Nick se levantó y llevó una mano a su mejilla, pero ella se apartó. Por un segundo, él encontró su voz atrapada, sintió que su corazón se hundía. Él sabía que la mentira que estaba albergando la molestaría, pero infierno, su reacción lo estaba destrozando. Él asintió con la cabeza, dando un paso atrás. 

—Lo he hecho. 

—¿Por cuánto tiempo? —Preguntó con la voz quebrada.  

—Después de enterarnos que era un niño. —Nick miró al suelo, recordando el día en que no pudo evitar que sus dedos curiosos hicieran clic en torno a Internet. Un hijo. Su posible hijo había alimentado una necesidad tan profunda dentro de él para ver si había otras opciones, que pensó que se estaba volviendo loco. Pasó la mitad del día en Internet. Una vez que descubrió que podrían tener la respuesta tan rápido, el miedo lo recorrió. Congelado frente a su computadora, Nick se dio cuenta de que la respuesta podía no ser lo que él quería oír, lo que necesitaba oír. También trajo un montón de jodidas emociones que él no estaba preparado para manejar. En su mayor parte, sentía que ____ estaba llevando a su hijo, pero mientras miraba la pantalla, su fe se desvaneció. 

—Eso fue hace meses, Nick. —____ se limpió las lágrimas de su rostro, sorprendida por el tiempo que lo había sabido—. No lo entiendo. ¿Por qué mantener esto de mí?  Acercándose, se pasó una mano por el cabello. Todo lo que quería hacer era tocarla, consolarla, pero sus defensas estaban arriba, así que caminaría. 
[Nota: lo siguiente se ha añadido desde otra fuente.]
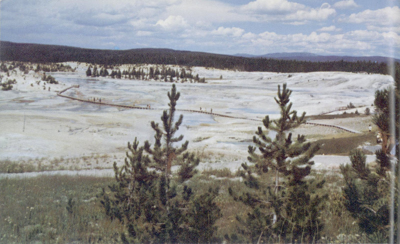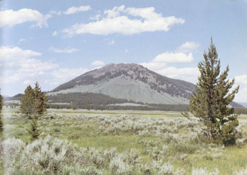 NORRIS GEYSER BASIN, as viewed northward from the Norris Museum. This is one of the most active thermal areas in Yellowstone, but the photograph was taken on a warm dry summer day when little hot-water and steam activity was visible from a distance. Clouds of water droplets (the visible “steam” in thermal areas) normally form only when the air is cool and (or) moist. The floor of the basin is covered by a nearly solid layer of hot-spring deposits. (Fig. 44)

—Estaba comprando  tiempo. —Habló en voz baja y miró fijamente su rostro mientras se volvía más confuso—. Eso es todo. Estaba comprando tiempo.  

—¿Comprando tiempo? ¿Tempo de qué? No podemos detener lo inevitable. Pero podríamos haber detenido a Joseph de estar en cada cita con el doctor.  Nick sacudió la cabeza, sus miedos salieron de su boca.
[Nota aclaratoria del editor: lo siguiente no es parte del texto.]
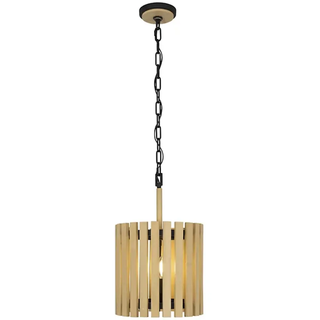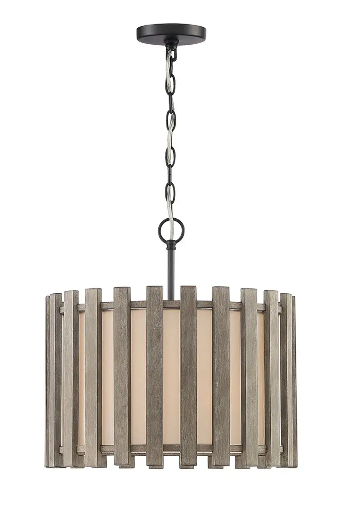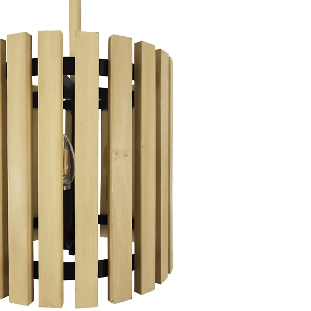 The Suratto Pendant from Varaluz is designed by Ron Henderson. It combines rustic modern style with Japanese minimalism. The drum-shaped pendant boasts a distinctive slatted appearance. Crafted from recycled steel, the frame reflects a commitment to sustainability, while the shade, composed of upcycled pallet wood, adds warmth and character. Illuminated by candelabra base LEDs, Suratto offers functional. With dimmable capabilities when paired with a separately sold ELV dimmer, you can adjust the brightness level of this CSA-certified fixture.

—No, no podríamos. Él es el padre. No yo.  ____ tragó una bocanada de aire a su admisión. Sus rodillas se debilitaron. El hombre ante ella reveló algo que había escondido de forma tan natural, tan fácil en los últimos meses. No sabía si gritarle o llorar por él. Sin embargo, sabía que él lo hizo por ella. Ella nunca podría negar su instinto natural de proteger siempre sus sentimientos. Él la había protegido, mantuvo sus temores para sí mismo. Mientras observaba el espíritu de él quebrarse justo ante sus ojos, decidió revelar algo. Algo que ella había comenzado a sentir en los últimos meses, algo que no reconoció lo que era hasta ahora. Un tirón tan interno, tan cálido que pensaba que iba a fundirse con ella. 

—Tú eres el padre de este bebé, Nick Jonas. ¿Me escuchas?  

Nick la miró un largo momento, pensamientos amargos invadían su mente. Quería creerle, pero no pudo. Sus palabras salieron como un susurro. 

—No lo soy, ____. Él lo es.  

Con el corazón haciéndose añicos, ____ se acercó y cogió sus manos. Ella las llevó a su vientre mientras el bebé trataba de patear su camino hacia afuera. Mirando fijamente los ojos cansados de Nick, ahuecó sus mejillas. —Eres el padre, y te diré cómo lo sé, — exclamó ____, presionando sus labios contra los suyos—. Lo sé porque puedo sentir cada parte de ti corriendo por mis venas. Tu sangre, tu corazón, tu alma. Puedo sentirlo. Siento su amor por ti. Cada vez que hablas, se mueve. Cada vez que te ríes, te juro que vibra como si estuviera compartiendo la broma contigo. —Deslizando sus brazos alrededor de su cuello, ella entrelazó sus dedos en el cabello de Nick y enterró la cara en su pecho—. Sé que puedes sentir que se mueve, Nick, y él sabe que es la mano de su padre en mi estómago. Él lo sabe.  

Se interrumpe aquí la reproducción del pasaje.